Résumés des interventions / Abstracts

Vincent Battesti

(CNRS, Laboratoire Écoanthropologie Ethnobiologie, MNHN Paris)

Mics in the ears: how to ask people in Cairo to talk about their sound universes (Egypt)

Last year, I presented here a paper that asked falsely ingenuous whether it was possible to do an ethnography of local soundscapes, received and produced in Cairo (Egypt). Nobody was fooled, the answer, as « militant » as scientific, was positive: yes we can, we must surely even do ethnography of neglected sections of our relationship — which is first sensorial — to our ecological and social environment.
With my colleague Nicolas Puig, we set up a an experience since last fall that is still under test. We asked some inhabitants of Cairo — chosen from among our acquaintances / informants for now — to make a routine trip (georeferenced) equipped with microphones stereo (binaural type) in the ears. The goal is that users of public spaces put into words sound events or soundscapes they received or not (or produced or not), with the technique of listen reactivation. Will be presented the first results of this experience, set up to go beyond the usual relatively silence when it comes to sounds, set up to better understand both the specific markers of sensorial universes and the construction of specific ways to live according to the urban areas … without losing sight of the strong personalities of our informants. (Présentation in collaboration with Nicolas Puig)

 

Tripta Chandola

(Asia Research Institute, National University Singapore)

Listening into Others: Moralising soundscapes in Delhi (India)

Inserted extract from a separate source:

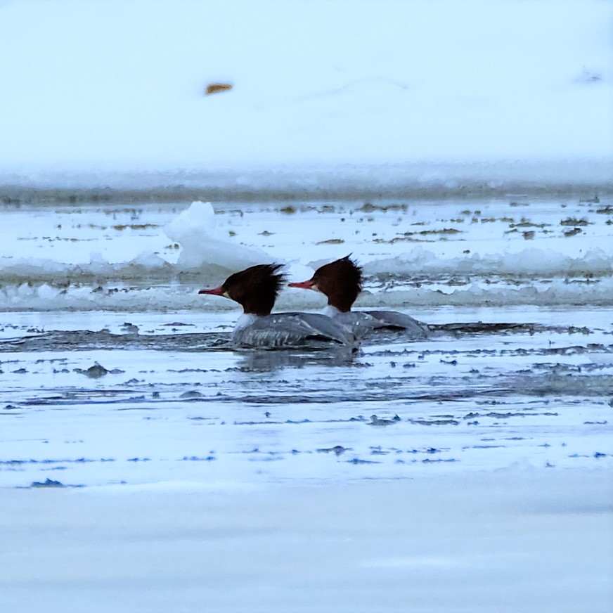 Above the falls, I did not see our kestrel again, but at least three of the common mergansers from last year were back and fishing among the ice floes, and here are two of them catching their breath for a moment.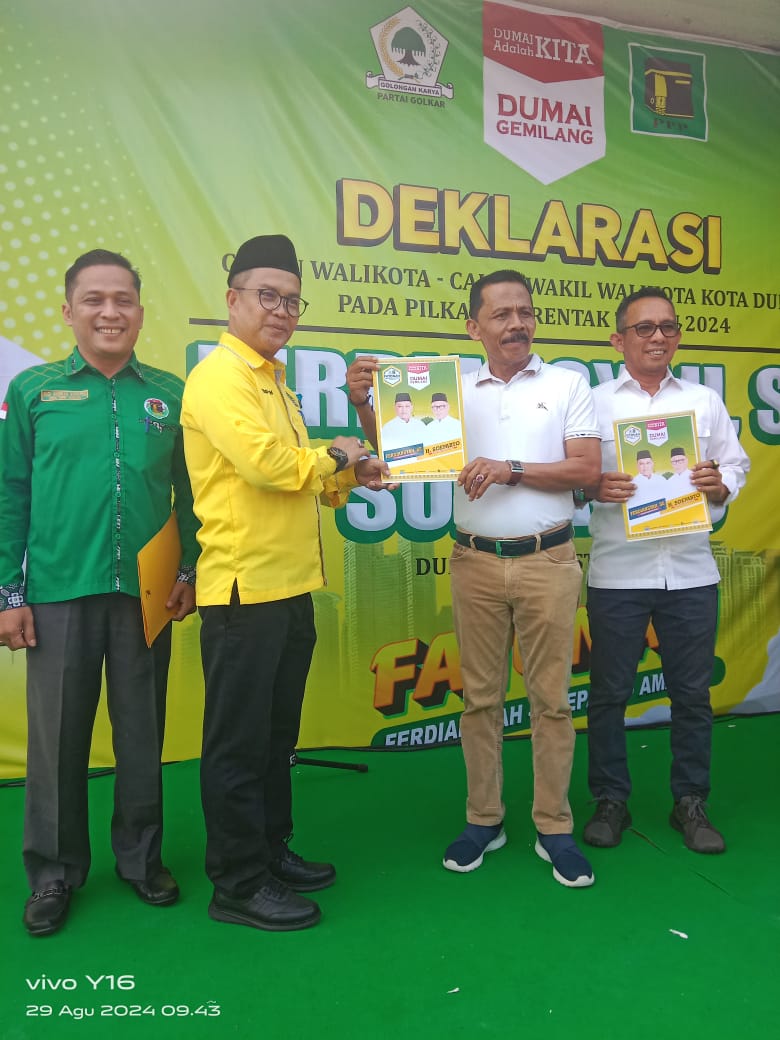 “Berdasarkan Surat Keputusan Partai Golkar Nomor: SKEP-171/DPP/GOLKAR/VIII/2024 dan Surat Keputusan Partai Persatuan Pembangunan Nomor: 3264/KPTS/DPP/VIII/2024, kami mendeklarasikan diri mendukung sepenuh hati, bergotong royong memperjuangkan dan memenangkan pasangan Ferdiansyah, S.E. dan Soeparto sebagai Walikota dan Wakil Walikota Dumai periode 2024-2029,” demikian pernyataan deklarasi yang disampaikan dengan penuh semangat oleh ketua Koalisi Edison, S.H.

In this presentation, I evaluate the relationship between residents of a slum settlement and its middle-class neighbours through the politics of production and articulation of sounds. Here I evaluate this relationship as situated within the discourse of cleanliness and othering, but also stretching it to speak of the spaces (and the sensorial performances) through which the slum dwellers not only exert their identities but also appropriate, circumvent and subvert the discourse of othering/cleanliness.

 

Anne Damon

(Université Jean Monnet – Saint-Etienne, CIEREC)

Sounds of Hell and Sounds of Eden. Ambient sounds in Ethiopia in the missionary context, XVIIth-XVIIIth centuries.

Around 1620, the portuguese Jesuits used music and sounds as weapons to convert Ethiopians to catholicism. One century after their expulsion, Franciscans came incognito to the heretical Ethiopia and described a place where weepings and cries were the daily sounds. The missionaries’ descriptions give a precise insight of sensory environment. They create a sound world where the catholic, latin and tonal one is the only « in tune ».

 

Jean-Charles Depaule

(Laboratoire d’Anthropologie Urbaine/LAU-IIAC, Ivry-sur-Seine)

Poésie vocale, sonore, art sonore… ou quoi ?

Il existe aujourd’hui une pluralité de courants artistiques connus sous les appellations de poésie orale, phonétique, sonore…  voire d’art sonore. Qu’ils s’intéressent surtout à l’intonation de la parole ou qu’ils intègrent des « bruits » dans leurs productions, ces courants, qui se réclament ou non des futurismes, de dada et de mouvements plus récents comme le lettrisme, Fluxus (avec la figure difficilement contournable de John Cage) ou Polyphonix, ont en commun la volonté de sortir des limites du texte écrit et imprimé. Ils entretiennent un lien fort avec la notion de performance et l’implication du corps. Ils se réfèrent au « cri » d’Artaud, mais aussi au cut up de Burroughs et Gysin. Ils revendiquent une certaine sauvagerie et en même temps sont indissociables des progrès des instruments d’enregistrement, de mixage et d’amplification, des outils de conception informatiques et d’une pratique multimédia.
Il s’agit d’en tenter une topographie, en identifiant leurs relations mutuelles et leurs éventuelles frontières avec d’autres champs, à commencer par celui de la musique.

 

Olivier Féraud

(Université de la Méditerrannée Aix-Marseille 2 / Laboratoire d’Anthropologie Urbaine-IIAC)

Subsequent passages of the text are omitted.